**EXERCISE:**
Everything from the first line of the data below through the line that contains "首先我们要找到iPhone6" should be written out exactly, please, and nothing more; the pictures stay out.

***** MATERIAL FOR THIS TASK

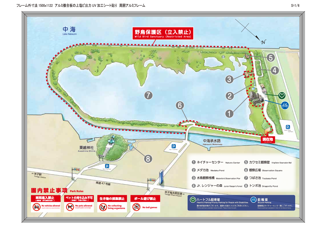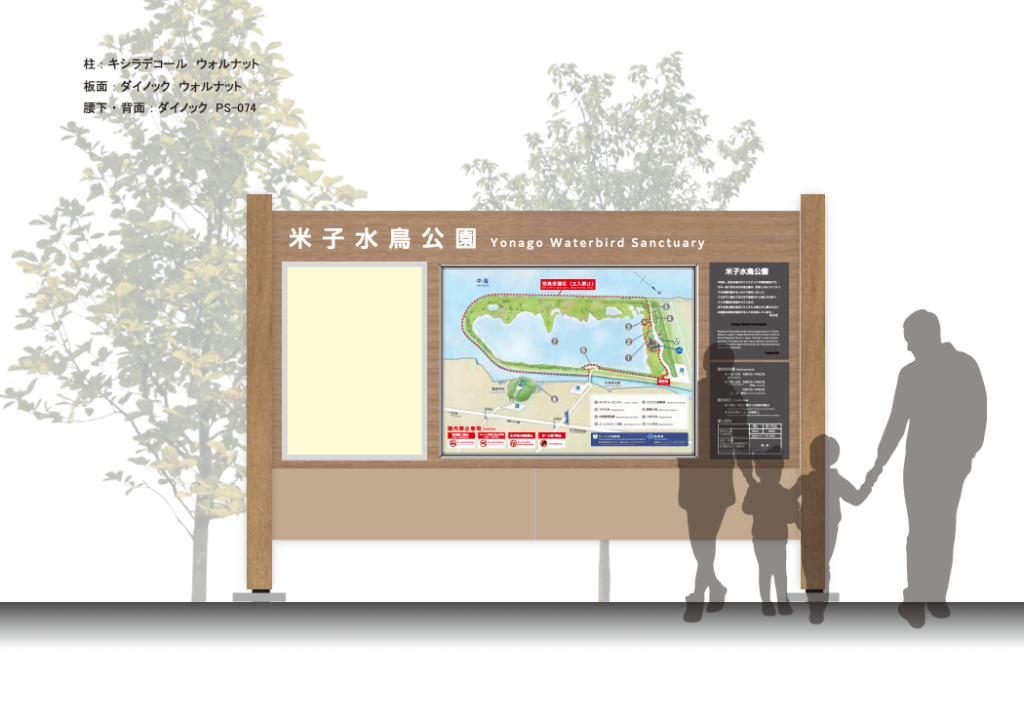 同様の仕様で、正門前総合案内板、施設前水鳥解説板、駐車場案内板を作成した。
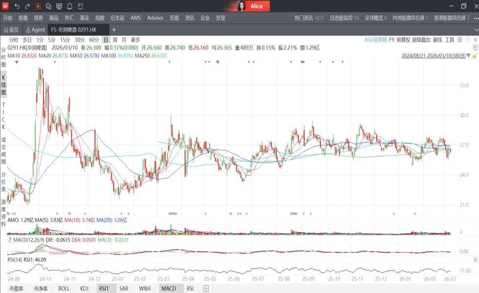 華潤啤酒(00291)
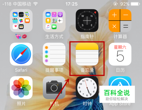 首先我们要找到iPhone6s手机的备忘录具体位置,在手机主界面我们仔细看就行了,如图示;
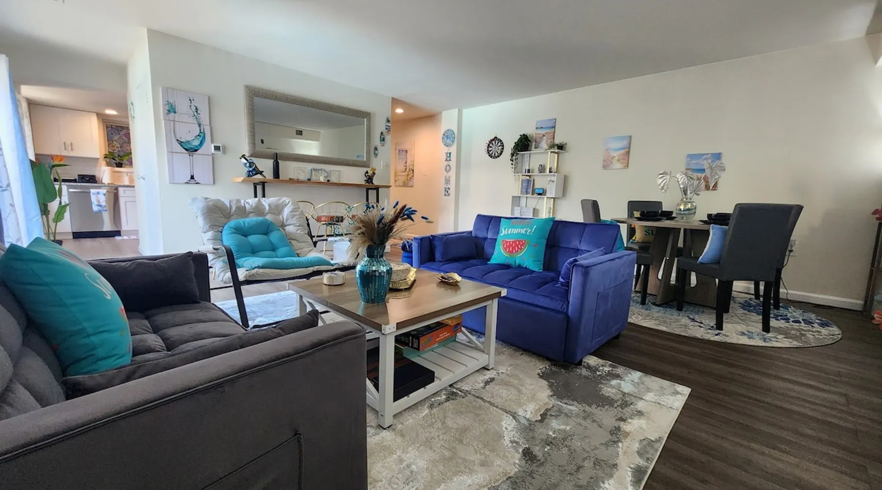 This cute 2 Bedroom/2 Bathroom unit is waiting for you! Located Close to the Beach, Boardwalk, Casinos, and right next to the new Island Waterpark at Showboat! The space is great to enjoy a getaway with friends and family in a private and relaxing setting. Perfect for a beach escape! Come enjoy a peaceful retreat at the Atlantic City Shore! The space Come stay at this cozy unit with an outside balcony and great amenities! Enjoy this space with all the comforts and convenience to make for a perfect stay. LIVING/DINING ROOM: -The unit has a spacious living area with a dining table, a comfortable living room setting with couches & seating, and a smart TV for your viewing pleasure (There is no cable for the TV just streaming apps). KITCHEN: -Fully equipped with newer appliances. SLEEPING ARRANGEMENTS: There are 2 spacious bedrooms, which comfortably sleep up to 6 guests. BEDROOM 1: 1 Queen Sized Bed, Full bath, Smart TV BEDROOM 2: 2 Full Sized Bed, Full bath, Smart TV ADDITIONAL SLEEPING: 2 Twin pull-out couches in the living room. AMENITIES: The home is also equipped with Wifi, a standard drip coffee maker, board games, a hair dryer, and much more! LOCATION: The unit is in a complex on a beach block directly across from Ocean Resort & Casino and next to The Showboat Hotel and Island Waterpark. Take a lovely, quick stroll to the boardwalk and beach. ADDITIONAL NOTES: -Please note that, like many areas of the city, the complex parking lot has the possibility of puddling or flooding when it rains. -This factor is out of our control, and we suggest parking at Ocean Casino across the street in the event that it becomes problematic. -Please excuse the complex's appearance, it is under new management, and the HOA is currently doing renovations and landscaping to maintain the building and grounds. POOL: - The development does have a pool that is open from mid June to Labor Day (opening and closing dates may vary) - This amenity can be added to your stay for an additional $50 per day. - The pool fee is non refundable - All guests must have a pool bracelet to access. There will be no entry without a valid bracelet. - The pool hours may vary based on the availability of the pool attendant. If the gate is locked, there is no access permitted to the pool area. - Use of the pool it at your own risk. - All children must be supervised at all times. - There is no jumping or diving permitted. - Please keep noise to a respectful level while using the pool. - If any guests violate the pool rules or cause any issues at the pool, they will be asked to leave and will not be permitted access for the duration of the stay. - All pool bracelets must be returned prior to check out. There will be a $200 fee for any lost or missing bracelets. - Please reach out to the host to coordinate the pool add on in advance. If you coordinate to use the pool, you will be provided with the official pool rules and the code to access the bracelets BOOK WITH US and unlock discounts and special offers exclusive to Cozy Cohost guests. Take advantage of all that Atlantic City has to offer and enjoy savings at top local spots including famous restaurants, night clubs, spas, coffee shops, distilleries, breweries, boat tours, bike rentals, mini golf, and more... Guest access ACCESS & ENTRY: -Guests will have access the entire 2 level unit and the outdoor balcony. -There are exterior stairs to enter the unit, and a set of interior stairs in the unit to the 2nd floor bedrooms and the bathrooms. -We ask that you please respect the home and the neighbors. -Please note that check-out time is promptly at 11:00 AM. Failure to check out by this time may result in a $100 fee per hour. We appreciate your cooperation in ensuring a smooth transition for our next guests. Thank you for your understanding! KEYLESS ENTRY: -There is keyless entry. Your host will provide you with the door code approximately one hour prior to check in the day of your trip. PARKING: -There is ONE designated parking space for guests to use. -We will release more information regarding parking with your check-in message. -Your car WILL be towed if it is not parked in the proper spot, so please be respectful of other's parking spaces. -Guests are responsible for city street parking compliance; read & follow signage to avoid parking tickets. -We are not responsible for guest's vehicles. -For any additional cars, we suggest utilizing self parking garage at Ocean Casino which is right across the street. MAIL: -We will not have access to the mailbox, so we advise to either not ship items there or to add "leave at door" to your delivery instructions. -If there is something of priority that you need shipped please reach out to us directly for alternative options. -We are not responsible for any items shipped to the property. ENVIRONMENTAL NOTES: -Property located in a city environment; potential for noise from cars or foot traffic. SECURITY: -The home is protected by exterior ring camera security. Other things to note HONESTY & EXPECTATIONS: At "BreezeWay", we want our guests to have a clear understanding of the distinctions between vacation rentals and hotels. While we diligently maintain our properties, wear and tear are inherent aspects of vacation rentals. Although we address issues promptly, the high volume of guests may result in occasional delays between stays. Any significant damage or serious concerns are prioritized and resolved before a guest's check-in, provided we are made aware of the issue. CLEANING: Our dedicated cleaning team meticulously sanitizes and cleans each home. Unlike standard hotel rooms, homes entail a more detailed cleaning process due to their larger size. Despite our team's efforts to ensure optimal cleanliness, minor oversights may occur. For substantial errors, we are committed to rectifying the situation promptly. While we take pride in our cleaning standards, we ask for understanding that, as in any human endeavor, perfection is not always attainable, 
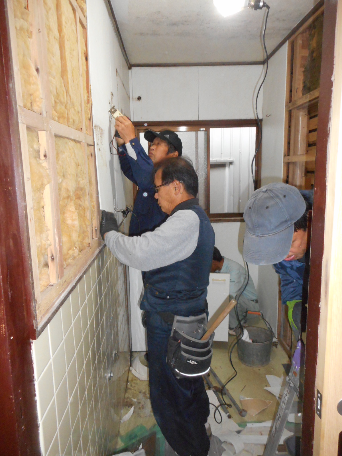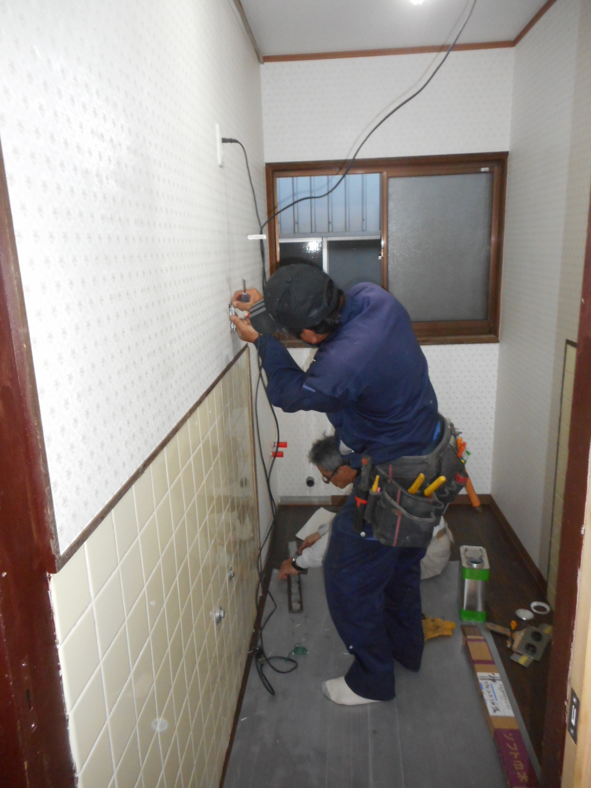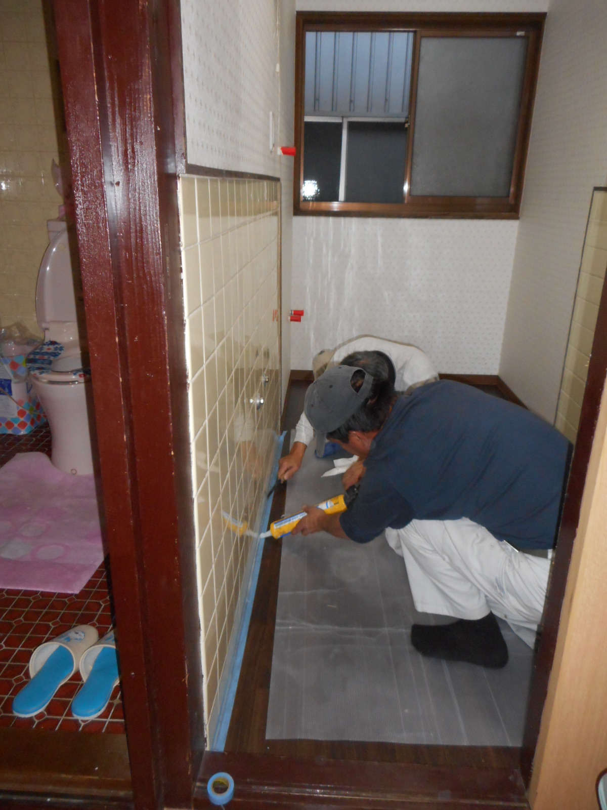 前回のブログで浴室の改修工事を紹介した施主から、追加工事として浴室の入り口の洗面所の改修工事も行うことになりました。
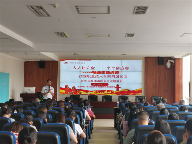 培训会上,四川省消防协会科普教育工作委员会吴俊杰教官作为主讲人向全院职工开展消防安全知识技能方面的培训。他通过医院火灾案例详细阐述了医院火灾的危险性,深刻剖析了引发医院火灾原因,讲解了预防火灾发生措施和初期火灾扑救、火场自救逃生等知识。

**********

**SOLUTION FOR THIS EXERCISE:**
 同様の仕様で、正門前総合案内板、施設前水鳥解説板、駐車場案内板を作成した。
 華潤啤酒(00291)
 首先我们要找到iPhone6s手机的备忘录具体位置,在手机主界面我们仔细看就行了,如图示;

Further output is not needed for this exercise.